─── Input for this task ───

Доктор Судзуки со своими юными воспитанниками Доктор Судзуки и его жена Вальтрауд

───
─── Input for this task ───

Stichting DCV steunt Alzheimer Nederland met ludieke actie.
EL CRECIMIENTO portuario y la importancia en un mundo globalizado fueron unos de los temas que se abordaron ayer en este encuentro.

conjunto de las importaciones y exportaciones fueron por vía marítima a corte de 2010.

───
─── Input for this task ───

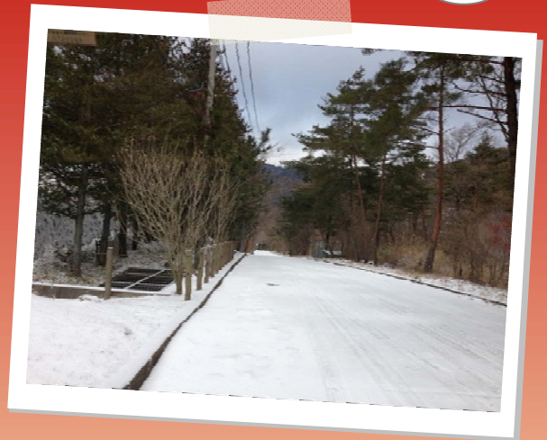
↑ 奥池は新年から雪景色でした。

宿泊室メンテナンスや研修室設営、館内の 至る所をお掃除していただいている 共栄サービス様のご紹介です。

───

### [Aim of the task]
The expected result is a copy of each line in the records where "fueron" appears.

### [Answer space]
EL CRECIMIENTO portuario y la importancia en un mundo globalizado fueron unos de los temas que se abordaron ayer en este encuentro.
conjunto de las importaciones y exportaciones fueron por vía marítima a corte de 2010.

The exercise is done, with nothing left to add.